Several students and faculty from the Claremont Graduate University (CGU) and Pomona College (PO) have collectively come together to form the Digital Innovation & Text Analysis “Fake News” Lab, a lab with the goal to find a method to evaluate truth claims, public statements, and the trustworthiness of news stories. While similar research in the past has looked at superficial features such as article headlines and article sources as reference points for a text’s trustworthiness, this lab is looking at linguistic (semantic and syntactic) features which could be more holistically indicative of a text’s trustworthiness. The project is an extension of a similar early-stage research project from a year prior, but this lab has the goal of further developing and improving upon the dataset and method of evaluation of trustworthiness that resulted the previous project’s work.
The lab meets weekly and provides students with an opportunity to work under the guidance of an experienced faculty member, Professor Hovig Tchalian, a professor of management whose research focus is language and innovation. He also teaches an introductory data analysis course and uses text analysis techniques to study social discourse. The lab is managed by a project manager, Kristina Khederlarian (CGU PhD student in computational analytics and international relations). The rest of the research team is made up of Anthony Lyons (CGU PhD student in information systems), Amin Nash (CGU Master’s student in English critical theory and analysis), Brady DeMeritt (Pomona ‘19 majoring in computer science and linguistics & cognitive science), Daniela Hinojosa Sada (PO ‘19 majoring in linguistics), Alex Ker (PO ‘22 majoring in philosophy and computer science), and Jack Weber (PO ‘22 majoring in Computer Science and Economics).

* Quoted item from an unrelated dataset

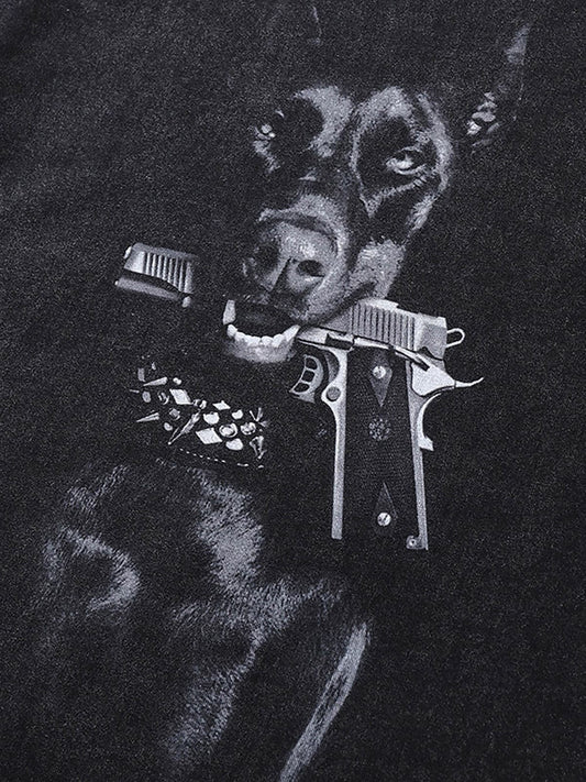T-shirt Retro Lavata Distressed con Stampa Doberman Pinscher

Comprising people with diverse backgrounds, the team’s skill sets range from politics and simulation modeling to linguistics and computer science. The project, which is funded by a Project Research Grant from the Digital Humanities Initiative at The Claremont Colleges (DH@CC), has given students a chance to do extensive research by not only having them find and collect usable data sources, but by also having them process that data and use advanced digital techniques such as those of natural language processing and machine learning to analyze the data to create a trustworthiness prediction model. The lab has so far worked to collect data and process that data into linguistic features, and the next step is to use machine learning to identify relevant correlations between the data’s features and trustworthiness levels. There are hopes to in the future not only incorporate this research into team member’s dissertations and theses, but to also further analyze the role that a fake news proliferator’s intent, whether backed by malevolence or ignorance, plays in the manifestation of the linguistic features in fake news.